• [WHAT THE TASK ASKS] Using the data below, transcribe exactly everything from the line that contains "The chart below" down to the line that contains "クラブ序列はレベル順≧経験値順ですが". Include both of those lines and none of the pictures.

┄┄┄┄┄┄

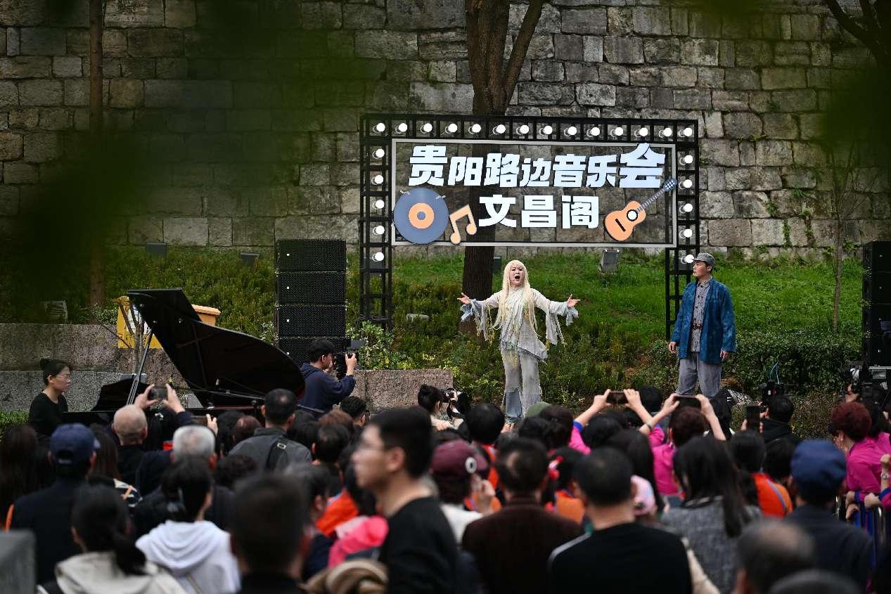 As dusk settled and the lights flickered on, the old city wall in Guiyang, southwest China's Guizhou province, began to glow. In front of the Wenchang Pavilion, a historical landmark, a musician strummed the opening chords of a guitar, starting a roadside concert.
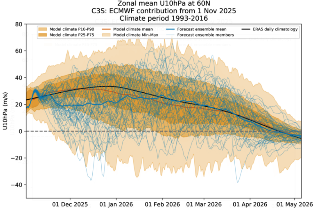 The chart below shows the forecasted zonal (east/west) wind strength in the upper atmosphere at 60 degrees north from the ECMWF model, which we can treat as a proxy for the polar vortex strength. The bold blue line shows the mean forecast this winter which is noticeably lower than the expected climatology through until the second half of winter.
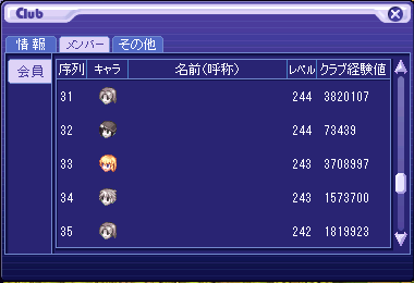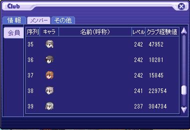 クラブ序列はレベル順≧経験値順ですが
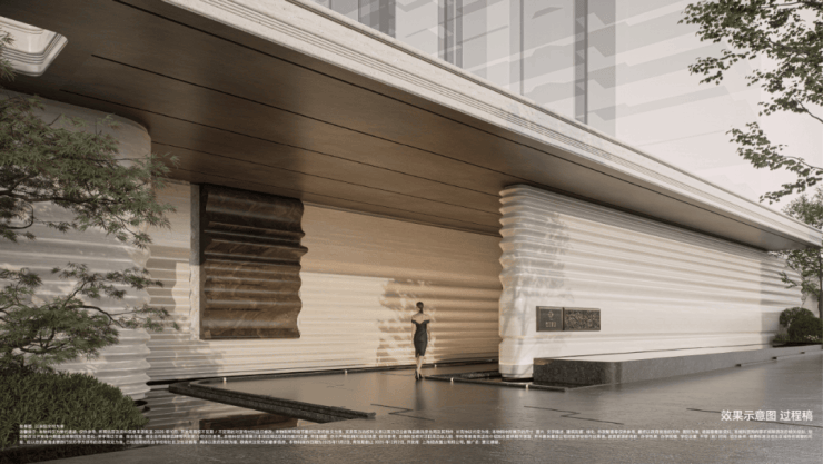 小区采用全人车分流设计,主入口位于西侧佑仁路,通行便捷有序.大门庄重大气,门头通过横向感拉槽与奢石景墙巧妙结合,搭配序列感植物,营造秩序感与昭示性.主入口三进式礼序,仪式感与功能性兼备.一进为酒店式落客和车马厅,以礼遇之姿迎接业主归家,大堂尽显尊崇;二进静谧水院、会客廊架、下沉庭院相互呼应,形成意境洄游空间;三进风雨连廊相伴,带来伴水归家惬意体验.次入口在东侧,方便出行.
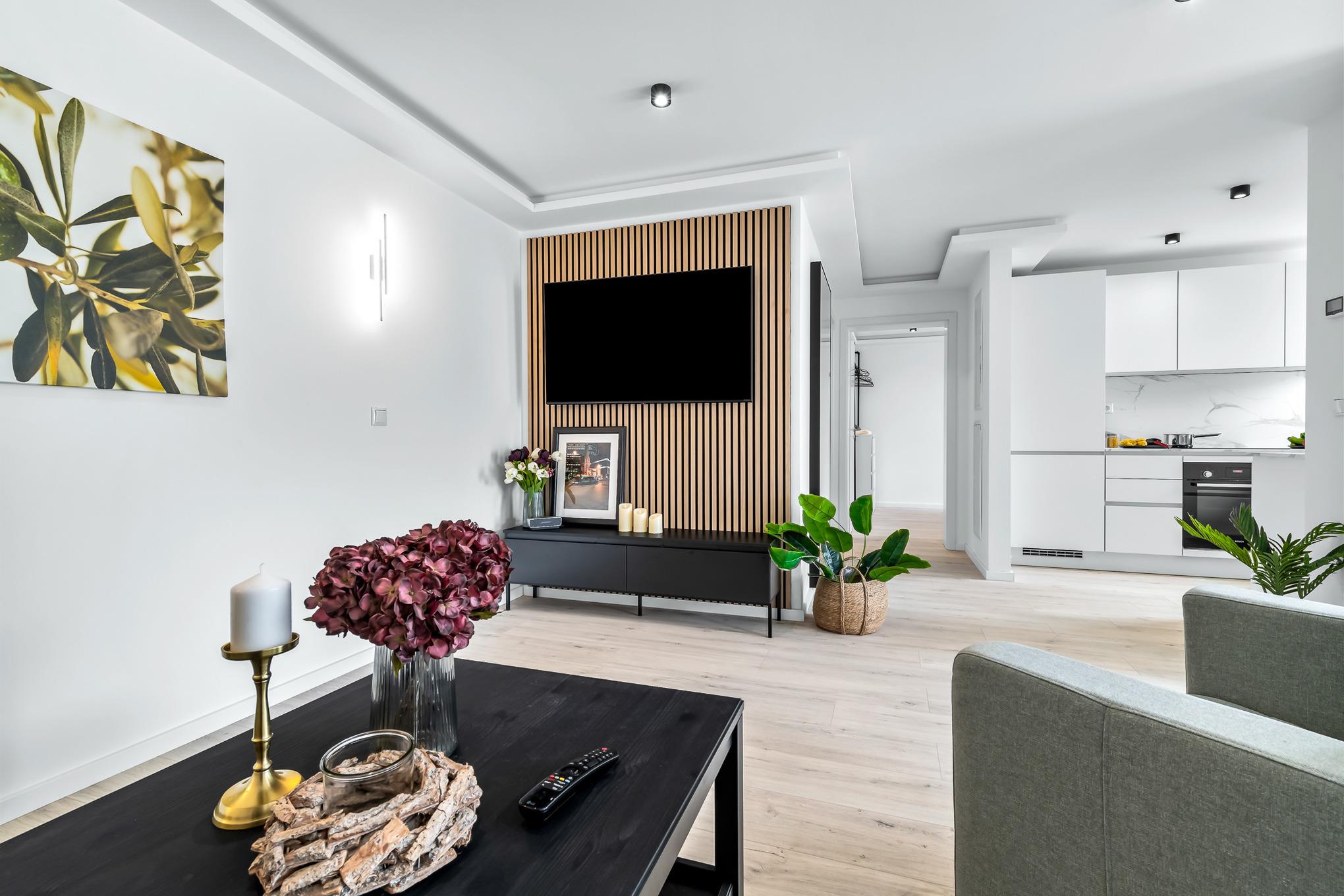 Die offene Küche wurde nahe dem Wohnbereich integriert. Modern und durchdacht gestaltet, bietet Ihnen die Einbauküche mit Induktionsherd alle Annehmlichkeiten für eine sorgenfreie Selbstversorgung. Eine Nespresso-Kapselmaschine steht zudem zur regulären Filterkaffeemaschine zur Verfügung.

┄┄┄┄┄┄

• [FINAL ANSWER]
 The chart below shows the forecasted zonal (east/west) wind strength in the upper atmosphere at 60 degrees north from the ECMWF model, which we can treat as a proxy for the polar vortex strength. The bold blue line shows the mean forecast this winter which is noticeably lower than the expected climatology through until the second half of winter.
 クラブ序列はレベル順≧経験値順ですが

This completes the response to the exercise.